The share market has been a roller coaster ride in 2021 with the Sensex reaching new highs. Many believe that the stocks investments are overvalued and there is an impending crash waiting to happen. The question then arises, what should investors do in such a scenario?
With the latest share market news being Sensex and Nifty reaching all-time highs, the most obvious questions that arise are:
Should an investor exit their investment?
Whether an investor should quit their investment at any point looking at the stock market condition is entirely dependent on the their risk aversion level.
We all know how difficult it is to form healthy habits. It’s much more difficult to get rid of terrible ones. When this reasoning is applied to investing, one common bad habit is trying to ‘time the market’.

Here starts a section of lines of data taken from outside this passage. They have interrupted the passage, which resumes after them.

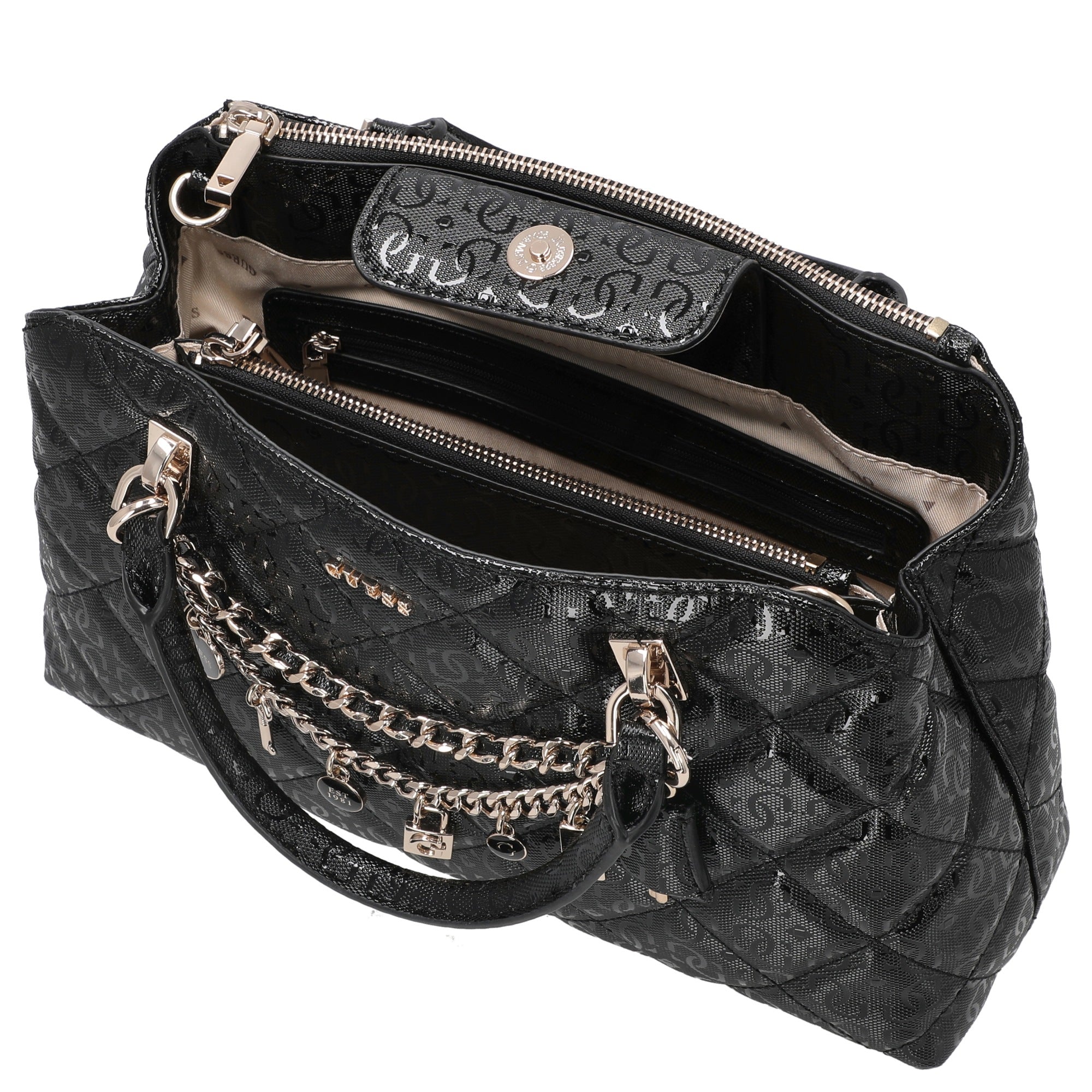 Guess Libby 2 Comp Satchel - Bolso de mano 30 cm (negro)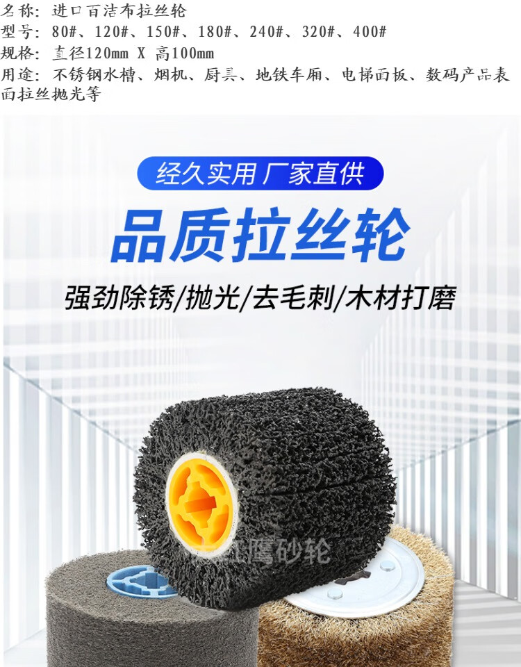 He Jiagong drawing wheel scouring pad wheel metal stainless steel special aluminum iron alloy polishing wheel drawing machine metal drawing wheel yellow thick drawing wheel 46# wear-resistant model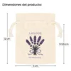 Estas bolsas están confeccionadas en 100 % algodón de color natural. El tejido tiene una textura agradable, ligeramente cruda, que deja pasar el aire y recuerda a las bolsas de algodón rústicas. El tono neutro crea un fondo discreto para el motivo violeta del ramo de lavanda con lazo.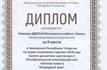 7 ноября 2018 года в Выставочном центре «Казанская ярмарка» состоялась торжественная церемония награждения победителей и призеров II Туриады (Спартакиады) среди обучающихся Республики Татарстан 2017-2018 учебного года (далее - Туриада). В торжественной церемонии награждения приняло участие более 200 человек. Команда МБУДО "ДДЮТиЭ" Московского района г.Казани награждена дипломом лауреата II Туриады (Спартакиады) среди обучающихся РТ 2017-2018 учебного года.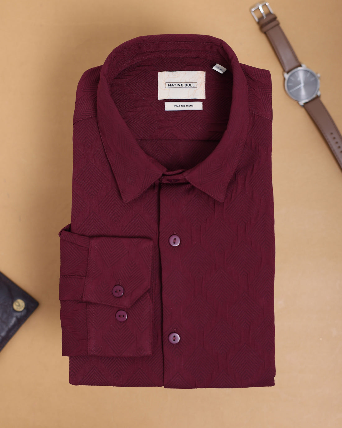Nativebull Men's Casual Long Sleeve Collared Shirt with Textured Weave Detail - Maroon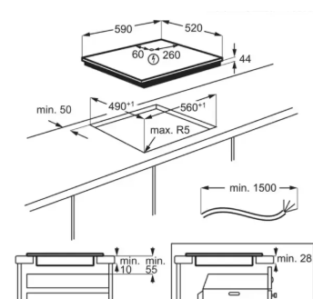 Διαστάσεις εντοιχισμού (cut‑out): 44 × 560 × 490 mm.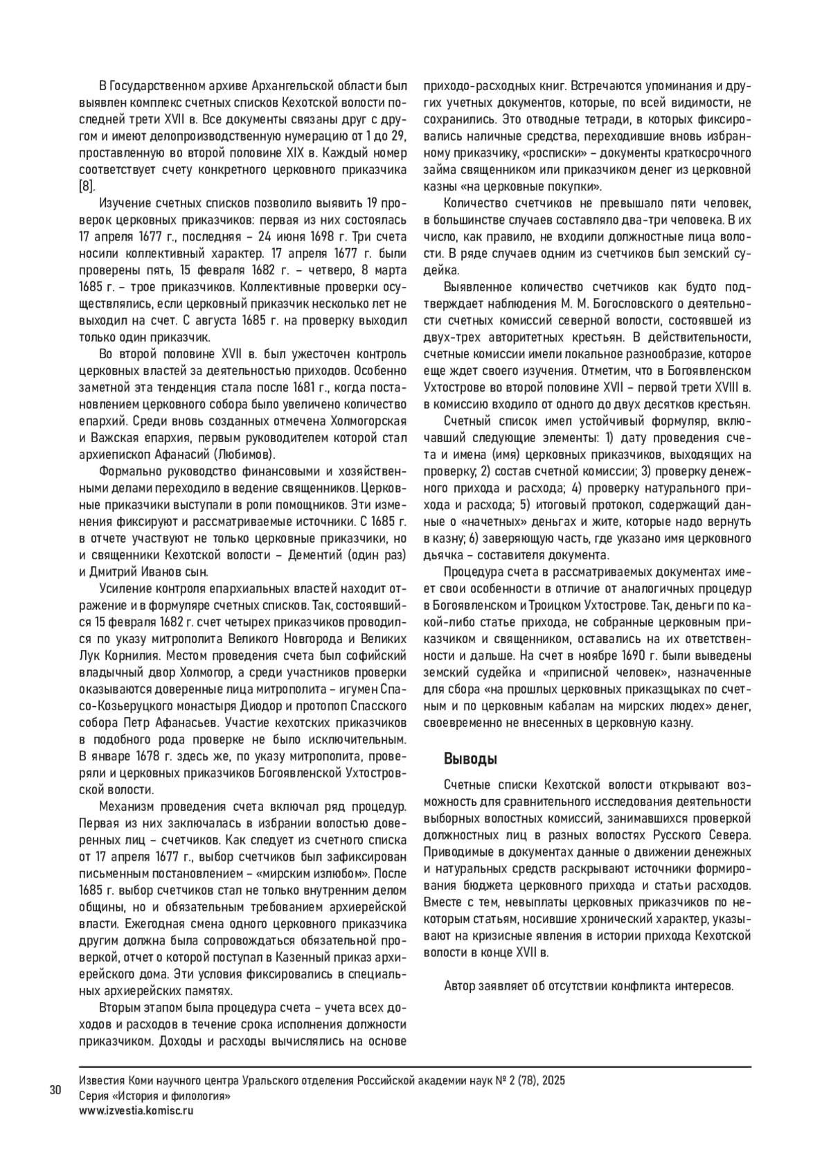 В статье рассмотрен комплекс счетных списков церковных приказчиков Кехотской волости последней трети XVII в. Значение счетных списков заключается в том, что они раскрывают один из механизмов, позволявших волости контролировать деятельность выборных должностных лиц. В работе дана общая характеристика сохранившегося комплекса документов, выявлены особенности формуляра счетных списков, участие в проверке представителей церковной власти Двинского уезда.

In July 2020, a significant number of investors liquidated their portfolios. From a logical standpoint, it was the correct decision. Share market analysts expected the market to drop once again. But we are all aware of what happened next. So, it’s not always about being logically correct; it’s about forming a proper habit. Many of those investors returned to the market around October 2020, and it was uncomfortable for them to witness the market’s rise after selling their assets in anticipation of a decline.
How to maximise market potential?
The stock market is at an all-time high, and all this while you have been waiting for the right time to start investing.
But it is essential to not get caught up in the euphoria. You never know where the market will be going at any given time. It would be a waste of time to wait for a market correction before investing. This is why you should get started right away, even if the market is at an all-time high. The markets will only continue to rise. Sure, there may be some bumps along the road, but the overall market trend will be upward looking, many experts believe.
Here are some tips that could help you maximise the market potential:
- Examine your portfolio and eliminate any value stocks that don’t appear to be useful anymore
- Rebalance your portfolio’s asset allocation
- Broaden your portfolio by including stocks with diverse market capitalisations
- Only invest in known financial products. Don’t put your money into new fund offers from investment firms
Where can an investor get both growth and good prices within the market?
High equity markets frequently coincide with low-interest rates, so there is no such thing as a good or terrible moment for any asset class. You may invest in funds with some fixed-income safety cushion, such as equity savings funds, or you can look at defensive funds like asset allocation funds at such high Sensex.
Instead of trying to outperform the market, you need to focus on your objectives and wait for your stock investments to improve. If your time horizon is longer than seven years, you must act like a company owner and continue to invest.